Something's in the air. I had not heard of the outrageously talented Vicki Yohe until I'd tuned into WBLS this morning, a station I've followed for years, no matter where I'm living. But I was never as much of a fan of BLS as of 98.7 Kiss FM, which had superior dance music that ranged from Shirley Ellis to Whitney to Beyoncé, and more than lived up to its claim that it broadcast "Classic Soul and Today's R. & B."
In any case, last weekend was my last chance to float on the Kiss airwaves before they merged with BLS, due to a recent programming deal between Emmis Communications and ESPN New York. Times are hard. I will follow the Kiss crew anywhere, even to the revamped BLS. We'll be old friends soon, and now I'm glad that I tuned in, because that's where I heard Vicki Yohe, and what might be described as her post-white voice. The song: "I'm At Peace." And the minute I heard it, I knew I was in the presence of something powerful-faith married to a gorgeous set of pipes that was steeped in the locutions of the black church as reinterpreted by a blonde white woman who's adopted a biracial child. 'Nuff said?

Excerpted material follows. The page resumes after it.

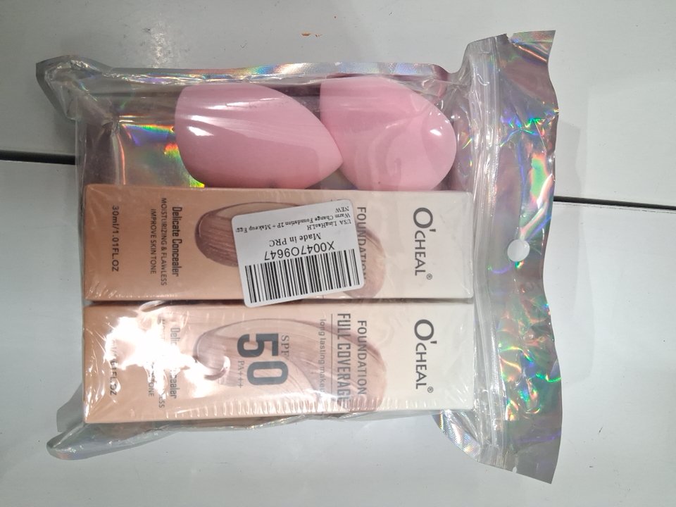 2 2pc o'cheal full coverage liquid foundation with beauty blender - 03 temperature discoloration

The song is as powerful as "Precious Memories," Aretha and James Cleveland's duet on the former's 1972 album, "Amazing Grace," a record that works because it includes talents other than Aretha's own-she has to step up instead of coasting on her "legendary" status. (Franklin's joining forces with Clive Davis weeks after Whitney's death says as much about her ambition as it does about the brutality of the music business.) But Yohe has a faith that's bigger than show business, and, as the somewhat literal-minded video for her song indicates, she has an interest in becoming the voice of working-class America, a world where blacks and whites who feel stiffed by a dream they can't remember having, exist side by side, separated less by race than from those who have, because they do not have much.